Yes; Lupus can cause that pain..................big time!

I don't do anything for it "except" my rheumatologist keeps my TSH suppressed (0.03 and less) which in turn keeps all antibodies very very quiet. Sometimes the Anti-dsDNA is not detectable at all whereas initially they were through the roof; way past the limit!

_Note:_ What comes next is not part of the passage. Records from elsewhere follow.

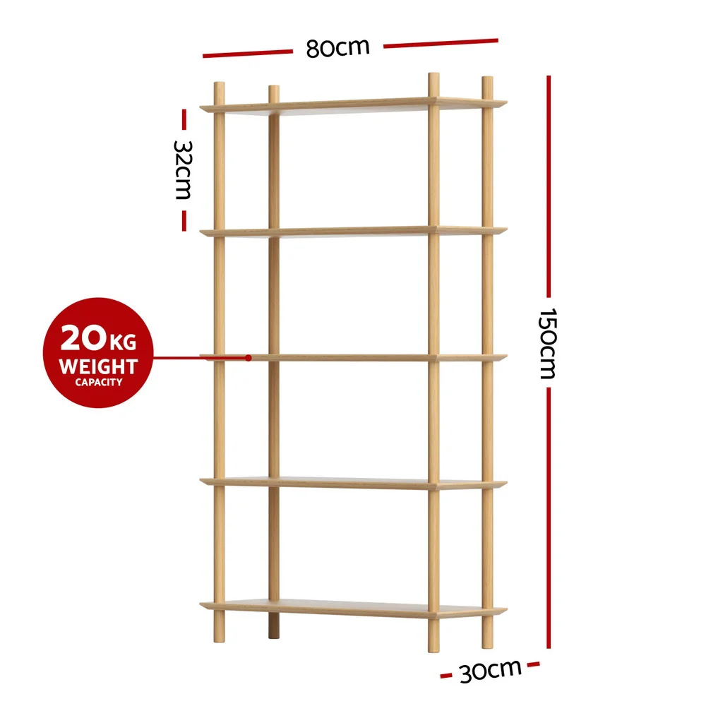 Artiss 5-Tier Wooden Bookshelf Display – 15mm MDF, Pine Legs, 80x30x150cm, 20kg Capacity, Anti-Tip Safety,
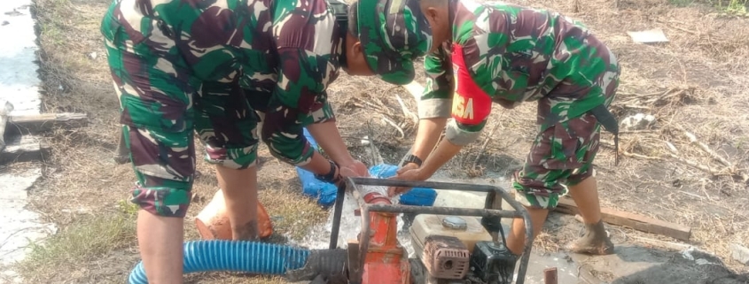 Babinsa yang hadir terlihat turun langsung ke lapangan bersama petani, membantu mengoperasikan pompa air agar air dapat mengalir ke sawah secara optimal.
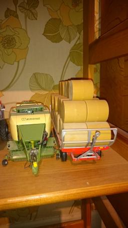 Plateau à paille Vanto,tourelle avant 1 essieu arrière,vendu avec des bottes de paille en plastique
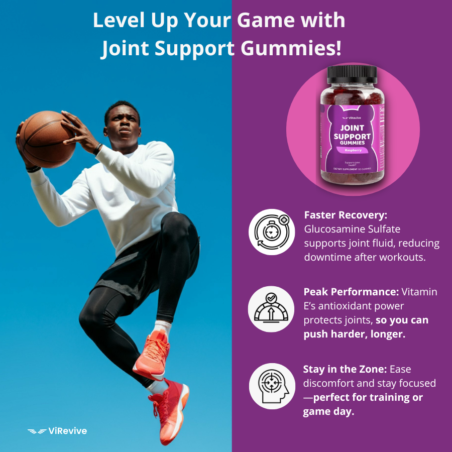 Experience the delicious way to care for your joints with Joint Support Gummies. Formulated with Glucosamine Sulfate and Vitamin E, these raspberry-flavored gummies help replenish cartilage, support tendon tissues, and maintain joint fluid—key to preventing breakdown as you age or push your limits. Perfect for athletes and anyone seeking relief from joint discomfort, they offer a tasty solution to support mobility and joint health.*
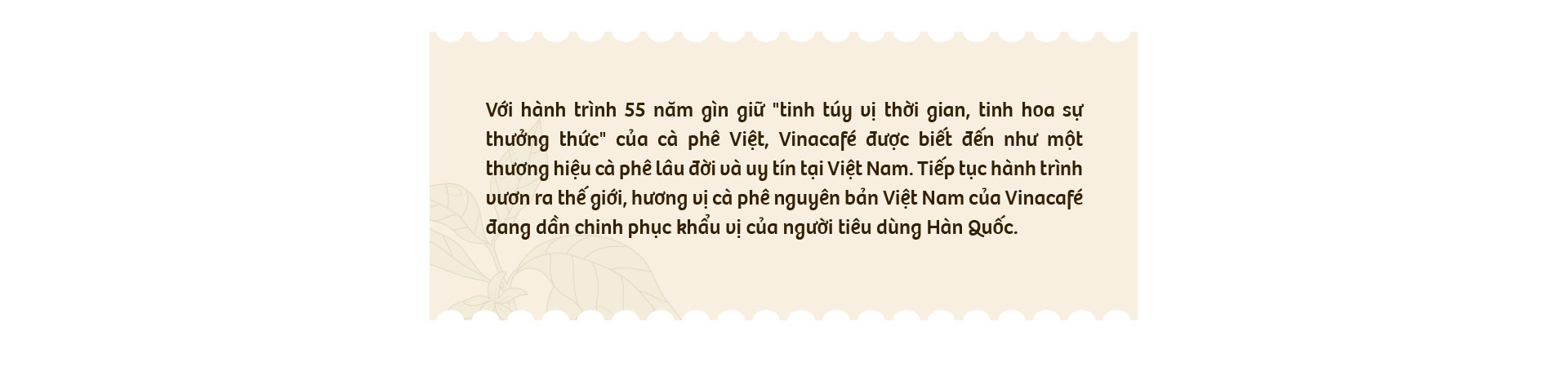 Nhìn lại bước đầu thành công cho sự hiện diện tại Hàn Quốc vừa qua, Vinacafé cho thấy bước chuyển mình rõ rệt và tầm nhìn dài hạn khi từng bước đưa hương vị cà phê Việt tới người dân xứ sở kim chi cũng như đến gần hơn với bạn bè quốc tế.
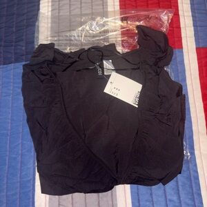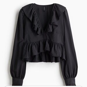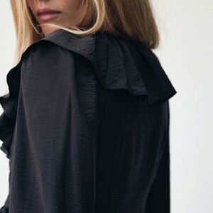 Chic black blouse with ruffle details. Perfect for stylish outings.
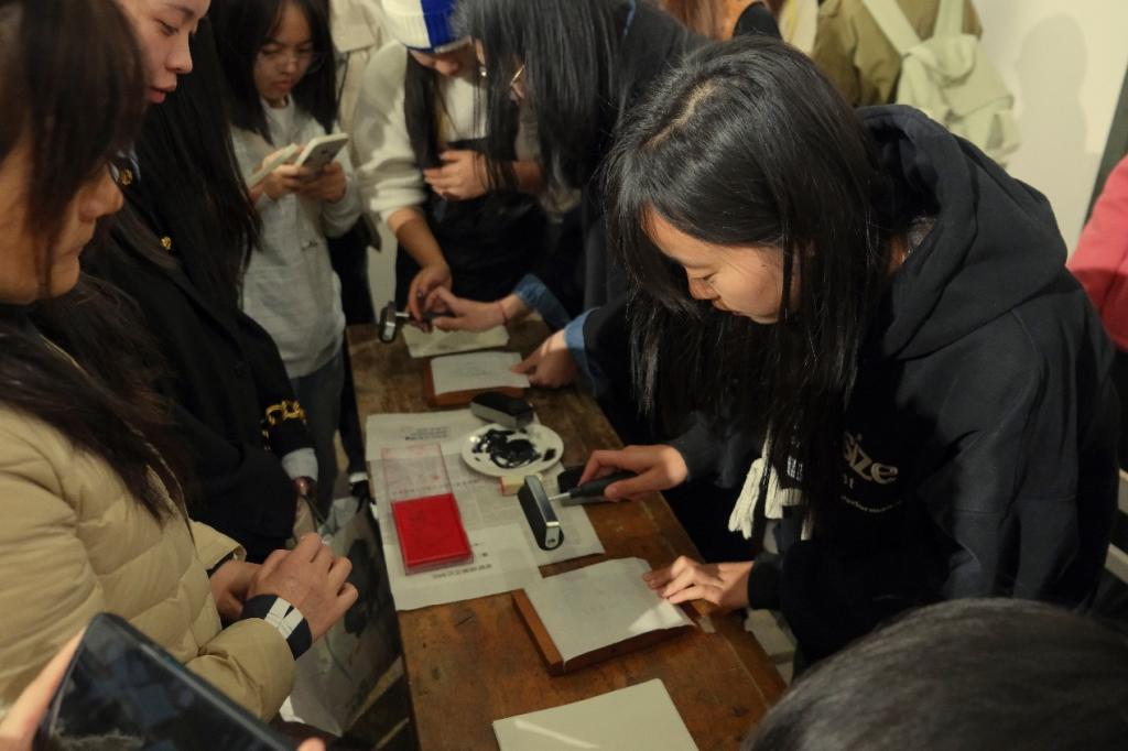 师生还有幸用自己的双手体验了报纸的印刷过程,以及触摸感受1935年的《申报》原件实物的质感。
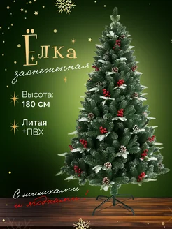 Елка искусственная новогодняя с ягодами и шишками 180 см
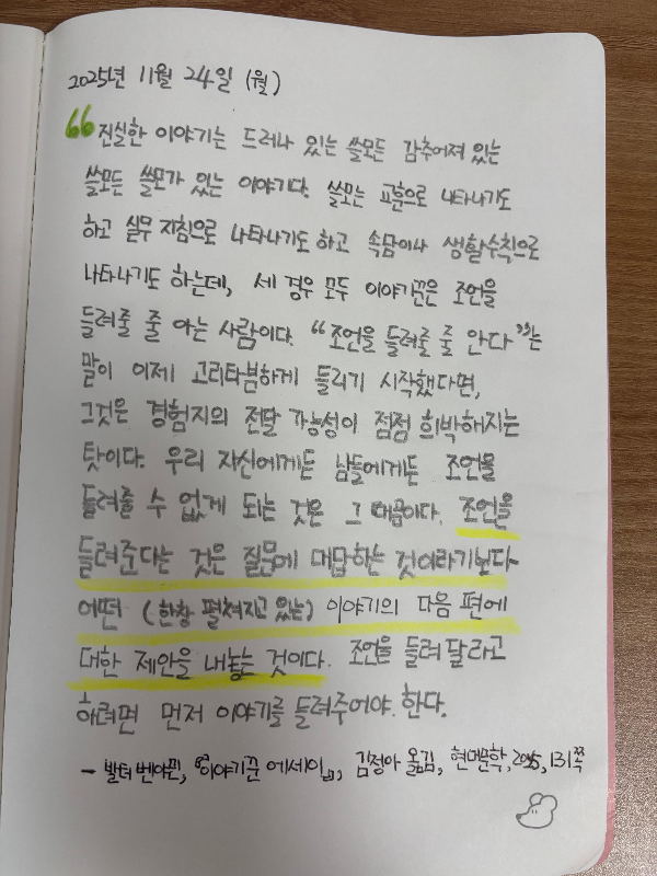 | [이주의 문장] “우리가 누구인지 말해 주는 것은” (0) | 2025.12.01 |
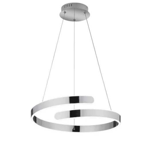 Króm színű fém vázas függeszték króm-fehér színű fém és műanyag búrával, természetes fehér színhőmérsékletű beépített LED fényforrással. A lámpa egyéb jellemző(i): fényerőszabályzós. A lámpa fényereje fali kapcsoló segítségével 3 lépcsőben(100%, 50%, 25%) szabályozható.
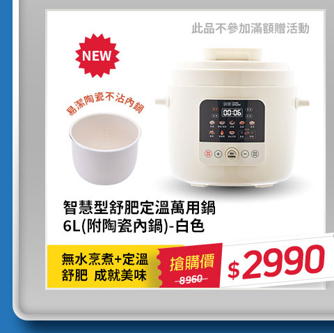 【CookPower 鍋寶】智慧型舒肥定溫萬用鍋/壓力鍋6L(CW-6211BA)
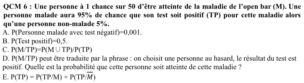 Membre d'Honneur Solution windu Posted December 11, 2021 Membre d'Honneur Solution Posted December 11, 2021 Coucou ! En prenant comme point de départ T+ = test positif et M+ = malade (et l'inverse avec les signes -) tu sais que tu cherches p(T+) sachant que tu as p(T+/M+) et p(T+/M-) dans l'énoncé qui sont respectivement de 0,95 et 0,05. Or p(T+) = p(M+). p(T+/M+) + p(M-).p(T+/M-) = 1/50 . 0,95 + 49/50 . 0,05 = 0,019 + 0,049 = 0,068. Donc on trouve bien la valeur de la correction ! Est-ce que c'est bon pour toi ? PASStèque and konis7 1 1 Quote

And I have made life-style improvements.


----------



## bluesmom (Aug 11, 2012)

Thanks so much everyone. I just got back from my DO who I really like but he's just a bit inexperienced. He ordered blood tests (ESR, ANA, Ferritin, Iron, CCPAB, Rheumatoid Factor). I suggested the ones you mentioned, Andros, but he didn't know what they were so didn't want to order them. He said he'll leave that up to the Rheumatologist I'll see in two weeks. He also ordered an MRI.
So we'll see. Should I expect any of the blood tests to come back showing anything interesting? Which ones might point toward Lupus?
Thanks again and I'll post results as soon as I have them though I'm not holding out hope that anything will show up.
Carolyn


----------



## javynliz (Aug 27, 2012)

I got tested for Lupus. I also had some other tests run. The nurse said that so far everything looks normal. I am happy about that but frustrated that I don't have a name for what is ailing me. My sister said she just was told she had the Epstein Barr virus and MS. I go to the Doctor on Monday. I don't really know what to expect. Has anyone had candidas or know anything about it?


----------



## bluesmom (Aug 11, 2012)

I got the results back from the labs my DO ordered. Everything's "normal" which I'm learning to not quite trust these days. Here are the results:

ESR-sedimentation rate: 10 (0-20)
ANA (IfA screen): negative (talked to 3 people and lab, no details available)
Rheumatiod Factor: 0.9 or 9 (<12.0)
CRP: <.5 (0.0-1.0)
Ferritin: 26 (15-200)
Iron: 121 (37-170)
CCP AB: <16 (<20)

I apologize if this all seems off topic for thyroid stuff but I know so many of you deal with all this other autoimmune and inflammation stuff too. The two numbers that seemed a bit concerning to me were the ferritin and the cyclic citrullinated Peptide Antibody. I'm wondering if the CCP antibody is similar to other antibodies, like TSI, in that you're really not supposed to have any at all so the presence of just under the low cut-off could be an indication of something? Or maybe CCPAB tends to be present in folks with high TgAb and TPO antibodies like me? Should I be concerned about the ferritin? I've been borderline anemic off and on for 30 years (and unable to tolerate iron pills) so am not too concerned.
Thanks so much for any help in reading between the lines of these results and I apologize again if this isn't the right place to post these types of labs.
Carolyn


----------



## javynliz (Aug 27, 2012)

I'm glad everything is "normal". How frustrating that you still don't have an answer. I'm in the same boat. I don't trust the "normal" much anymore either. I go to the Doc today and will post as soon as I get some info.


----------



## Andros (Aug 26, 2009)

bluesmom said:


> I got the results back from the labs my DO ordered. Everything's "normal" which I'm learning to not quite trust these days. Here are the results:
> 
> ESR-sedimentation rate: 10 (0-20)
> ANA (IfA screen): negative (talked to 3 people and lab, no details available)
> ...


Because of the (very low titer) CCP Ab, there is a concern that you may have early onset of RA especially when combined w/ the RF. This test is not specific to Lupus as per our PM discussion.
http://labtestsonline.org/understanding/analytes/ccp/tab/test

It would be a good idea to work on getting your Ferritin between 50 to 100; the closer to 100, the better. Liquid Floridix would be a good choice for fast absorption.


----------



## bigfoot (May 13, 2011)

javynliz said:


> Has anyone had candidas or know anything about it?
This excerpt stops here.